Topic of the Week  Change Or Risk Irrelevance--Becoming More Change-Friendly

· DO look around.
· DO focus on the benefits.
· DO gain new skills.
· DON'T allow yourself to get cynical.

Is your job and workplace constantly changing? Welcome to the club. Rather than fight it, we all need to just accept that today's workplace is turbulent and this isn't going to change any time soon. Which reminds me of a 39-year-old man who was pulled over in Framington, CT for driving 5 mph in a 40 mph zone. Police said he had the drug PCP in the car and a 9-year-old passenger. The man was charged with driving under the influence, possession of narcotics, risk of injury to a minor, driving a dangerously slow speed and driving without a license. Luckily, the child was not hurt.

When it comes to change at work, many of us are like that driver driving much too slowly. Sure, change is often disruptive, difficult and just plain annoying. But we all need to buff up our change muscles. I've included three Do's and one Don't below to help you do this. For more, check out Samuel L. Culbert's book "Get Rid of Performance Reviews" (Hatchette, 2010).

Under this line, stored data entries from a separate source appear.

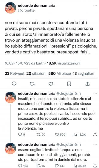 Edoardo Donnamaria ha lasciato un lungo sfogo sul suo profilo Twitter, a proposito della fine della storia d’amore con Antonella Fiordelisi.
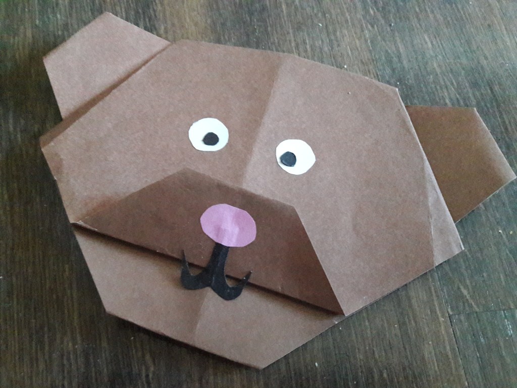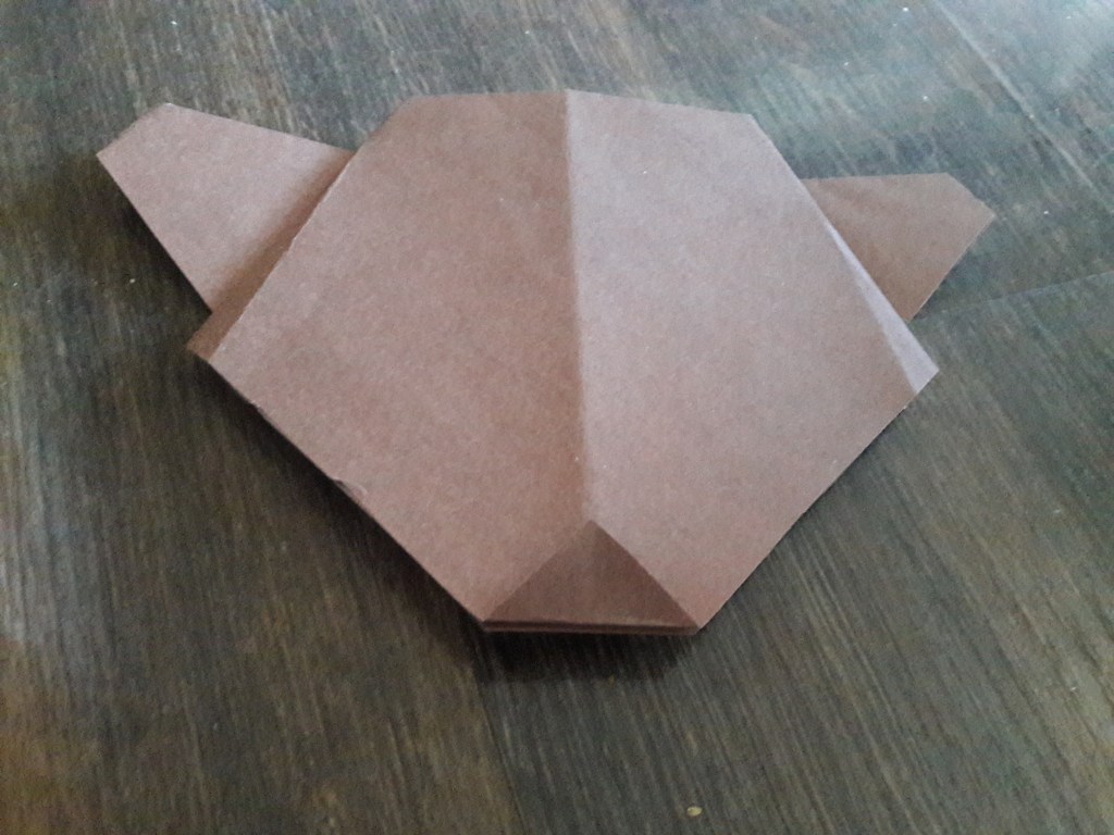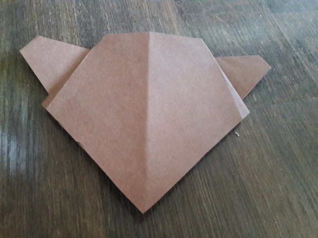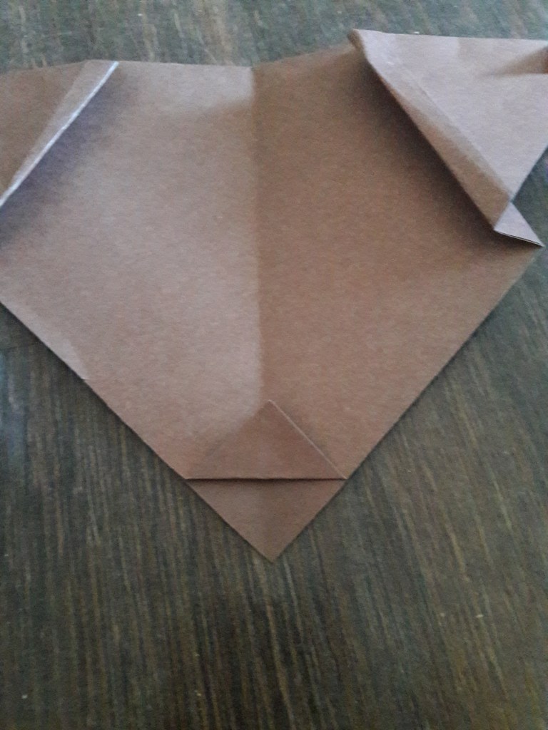 Kwadrat z brązowego papieru składamy na pół. Następnie jeszcze raz składamy na pół i rozkładamy
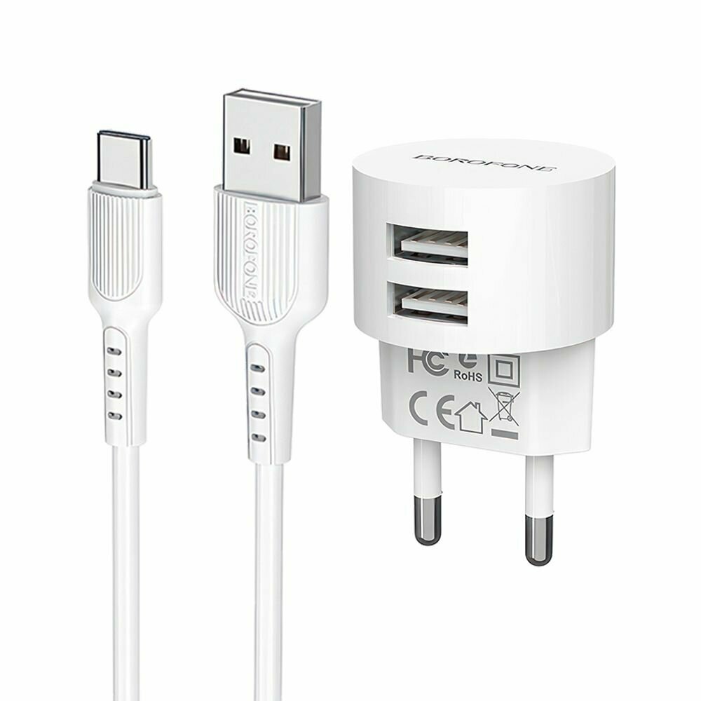 Сетевое зарядное устройство (СЗУ) Borofone BA23A (2 USB) + кабель Type-C, 2.4 А, белый
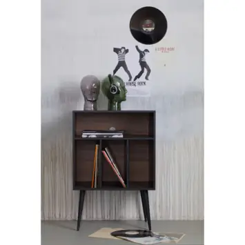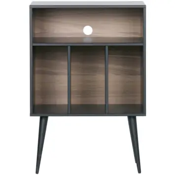 James is bovendien praktisch ontworpen. De drie open vakken aan de onderzijde zijn speciaal geschikt voor het opbergen van lp’s. Het brede bovenste vak is ontworpen voor bijvoorbeeld een versterker, mediaspeler of decoratieve accessoires. In de achterzijde is een opening verwerkt om snoeren netjes weg te werken. Daardoor is dit meubel niet alleen decoratief, maar ook zeer bruikbaar als opbergkastje of compact audiomeubel.
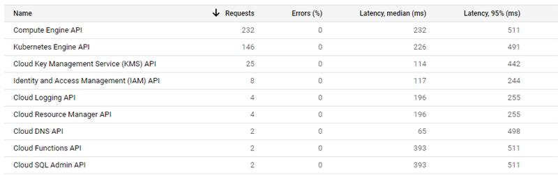 You can double check GCP enabled APIs at the bottom of the "APIs & Services" Dashboard.
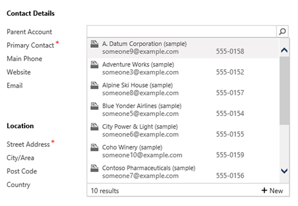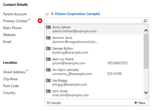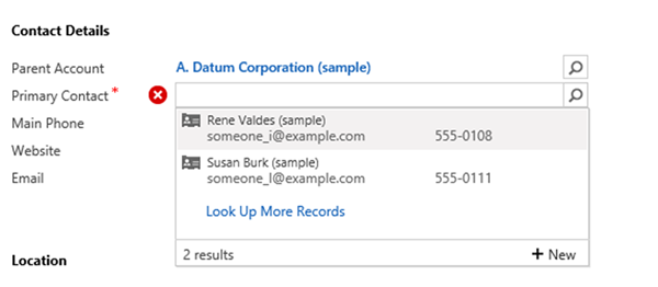 The point of difference here lies in the fact that we are using a different view. With lookup fields, the first three fields from a view are displayed on the retrieved data, which allows you to more minutely customise the data that is displayed to the customer, giving them more relevant information to make their selection with.
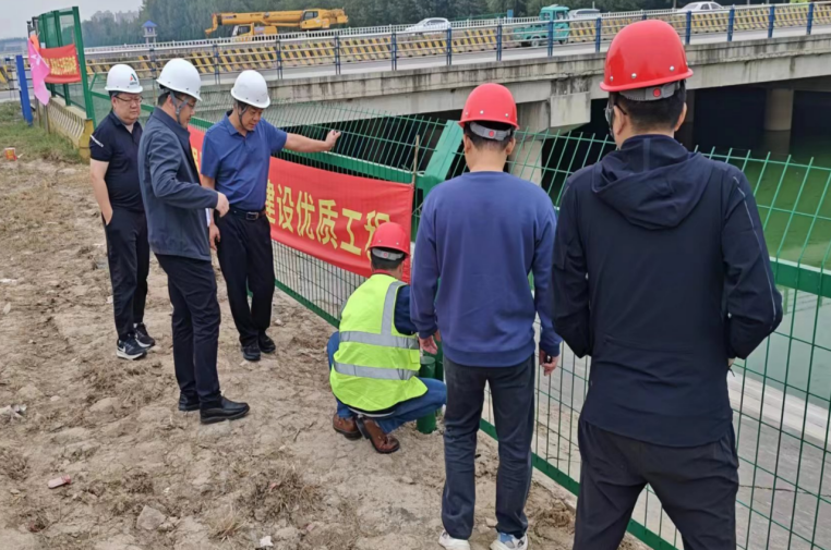 10月6日,开元(中国)一站式服务平台党委委员、副总经理李光市一行前往南水北调东线山东干线2023年安全防护网更换项目(聊城市东昌府区)调研指导工作。

DO look around. I'm writing this on an airplane, part of an industry that's gone through massive changes. Then there is the music industry. Auto industry. Banking, oops, that's one industry that continues to party like it's 1999. But for most industries change is the only constant. So rather than just continuing to complain about what's changing in your workplace, remember to look around to see that change is happening everywhere. There is another benefit of looking around, you might save you and your company some pain by learning from changes that take place in another company or industry.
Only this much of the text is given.